Client tells the File Management Server the upload is completed

flow-3.png

The client makes a request to the server along with UUID once the file is uploaded to Google Cloud Storage.

curl --location --request PUT 'localhost:3000/api/v1/files/confirm' \
--header 'Content-Type: application/json' \
--data-raw '{
    "uuid": "81713b3c17277dd1cf76ae0c9cef55d902083437"
}'

Google Cloud function processes the file in the background once the file is uploaded

Google Cloud function runs a piece of code according to the event.

So once a file is uploaded to the bucket we can process the file with the help of cloud functions.
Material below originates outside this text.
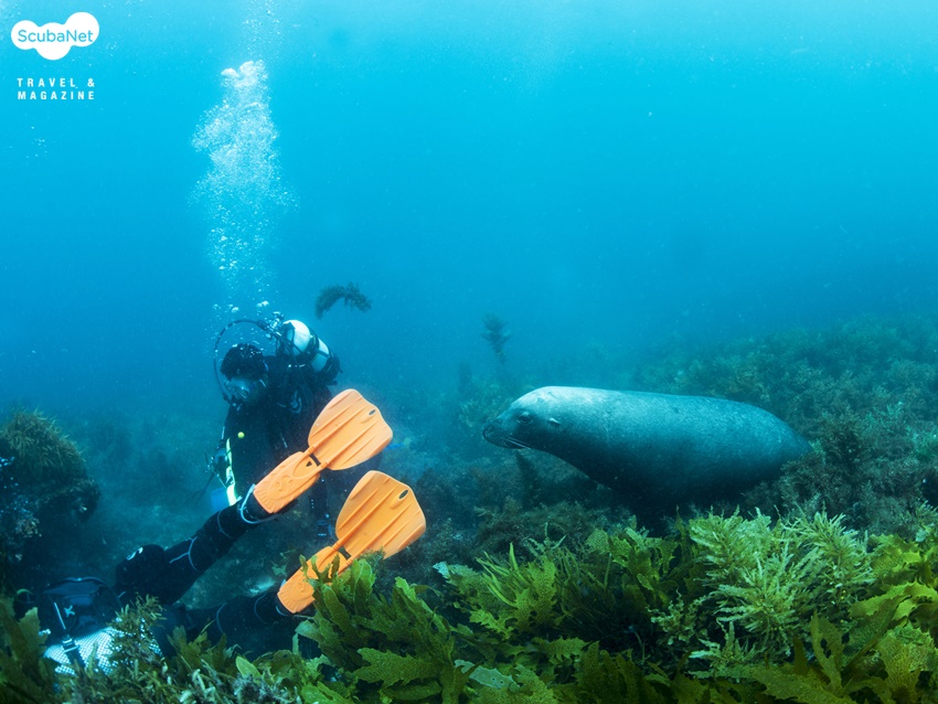 다이버들이 바다가재를 채집하는 동안 옆에서 기다리고 있는 바다사자대부분의 레크리에이션 다이버들의 다이빙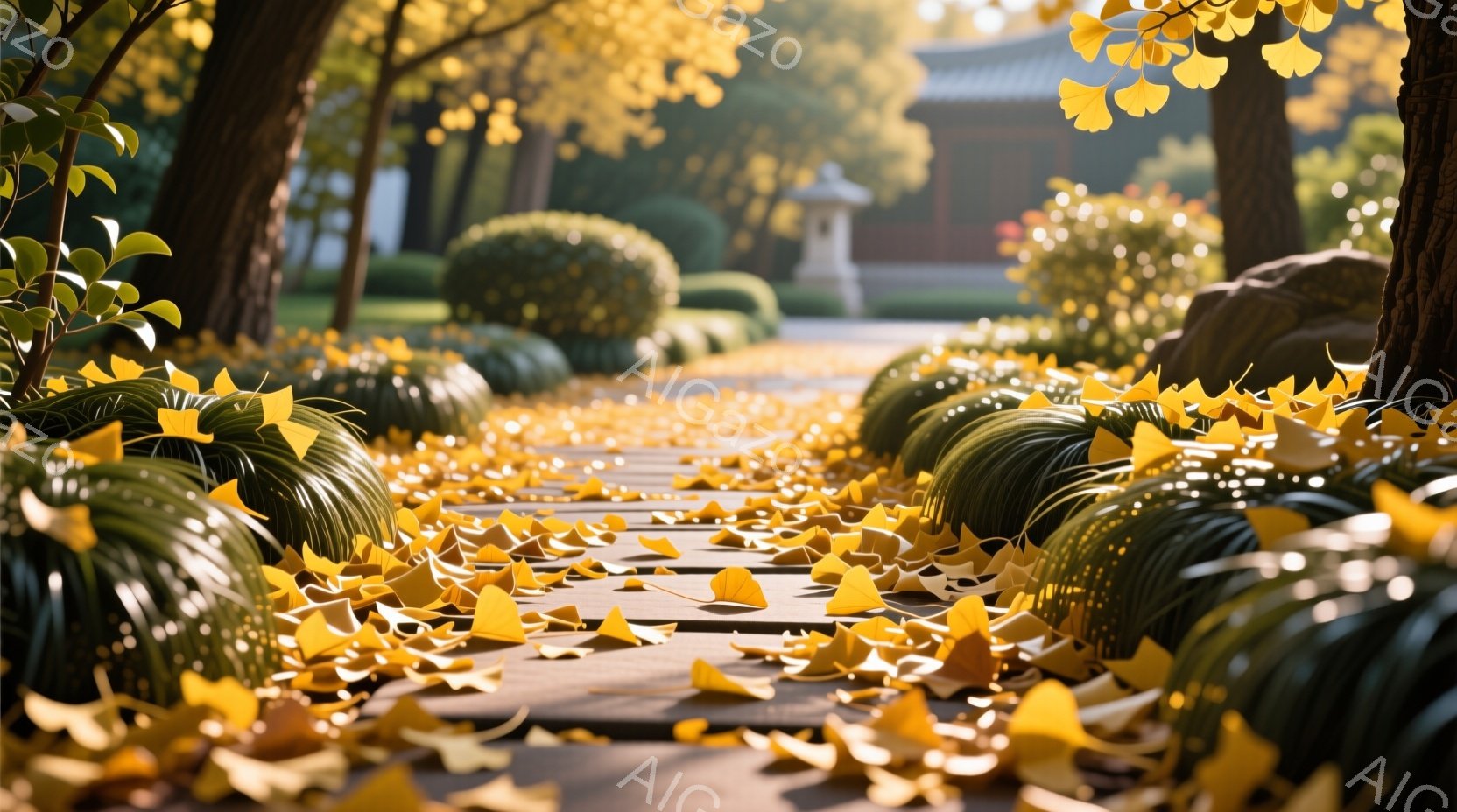 イチョウの葉が敷き詰められた遊歩道が印象的な風景です。剪定された低木が左右に整列し、奥には伝統的な様式の建物が見えます。秋の穏やかな日差しが葉を照らし、暖かく落ち着いた雰囲気を醸し出しています。

The process can be anything like creating thumbnails or running some OCR on the image.

This complete thing runs asynchronously in the background.

Client requests to archive file after a few days or months

archive.png

Sometimes we require files only for a few days, after that we do not want to access the file but also don't want to delete it. This can be done easily by changing the storage class of the file to ARCHIVE.

curl --location --request PUT 'localhost:3000/api/v1/files/archive' \
--header 'Content-Type: application/json' \
--data-raw '{
    "uuid": "81713b3c17277dd1cf76ae0c9cef55d902083437"
}'

Conclusion

We implement a file management service with Google Cloud Storage which scales significantly and handles lots of technical concerns. The upload endpoints are now protected by DDOS attacks and expire after a limited time.

The read URLs can also be protected by making them expire after a certain time hence solving the authorization issue.

Archiving file also becomes easy with just one line of code and files can be retrieved in the future without any complex procedure.